Einfluss der Dänischen Volkspartei

"Nördlich der Grenze reagieren die zuständigen Bürgermeister leider noch sehr zurückhaltend", teilte ein Sprecher der Landesregierung in Schleswig-Holstein dazu mit. Die regierungstragenden Fraktionen in Schleswig-Holstein haben zudem einen Gesetzentwurf eingebracht, um alle Minderheitensprachen im Land zu schützen. Außer Dänisch betrifft dies Friesisch im Kreis Nordfriesland sowie auf der Insel Helgoland und Niederdeutsch, etwa im Herzogtum Lauenburg. Eine aktuelle Studie des europäischen Zentrums für Minderheiten (ECMI) zeigt außerdem am Beispiel von zehn Regionen, welch verschiedenen Wege Regionen bei der Beschilderung für Minderheiten gehen können.

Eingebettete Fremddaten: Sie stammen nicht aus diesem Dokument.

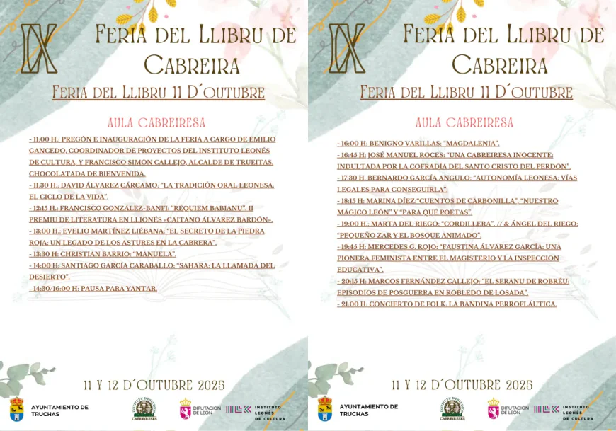 La IX Feria´l Llibru de Cabreira va facese los días 11 y 12 d’ochobre en Trueitas, nuna situación marcada polos fueos que queimaron gran cachu la comarca. L’organización, formada pol Institutu d’Estudios Cabreireses y l’Ayuntamientu Trueitas, decidió atrasare l’autu pa garantizare un ambiente más seguru y prestosu, y dai a la xente cabreiresa un sitiu pa deprendere y recuperare.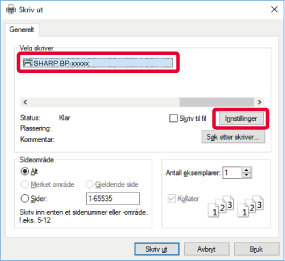 Velg skriverdriveren for maskinen, og klikk på [Innstillinger]-knappen.

Apenrades Bürgermeister Andresen dagegen will lieber prüfen, "ob das Geld nicht besser für andere Dinge verwendet werden sollte" als für deutsche Ortsschilder. So sei Deutsch für Schulkinder ab der 3. Klasse in seiner Gemeinde inzwischen ein Pflichtfach, was man für Dänisch auf deutscher Seite nur bedingt beanspruchen könne. "Schmidts Aussage", ergänzte er, "heißt noch längst nicht, dass es dafür zusätzliches Geld gibt". Zudem seien die Schilder bei der Stadt offiziell noch nie beantragt worden.

BDN-Mann Jürgensen sagte, das hätte auch keinen Sinn. Denn in den Stadträten gebe es keine Mehrheiten für den Vorschlag. "Manche Politiker würden ihr Gesicht verlieren", sagte Jürgensen – und die Kommunalwahlperiode in Dänemark laufe noch bis Ende 2017. Doch selbst dann könnte es weiterhin schwierig bleiben: "Durch die Flüchtlingskrise befürchte ich, dass die Dänische Volkspartei noch stärker wird. Und sie mischt alles zusammen. Die sagt dann, wenn es deutsche Schilder gibt, bräuchte es auch arabische. Das ist natürlich Quatsch und geschichtslos, aber was will man machen?", fragte Jürgensen, der seit 2008 für die Schilder wirbt.

Doch es gibt Hoffnung: Anders als 2008, als der BDN die Schilder das erste Mal vorschlug, sei die Diskussion zuletzt sachlicher gewesen. "Damals gab es außer jeder Menge Leserbriefe auch Briefe, bei denen ich froh war, dass ich sie geöffnet habe und nicht meine Kinder", sagte Jürgensen. Und sollten die Schilder je kommen, ist sich der Deutsche mit dem dänischen Pass sicher: "Natürlich werden sie auch beschmiert werden."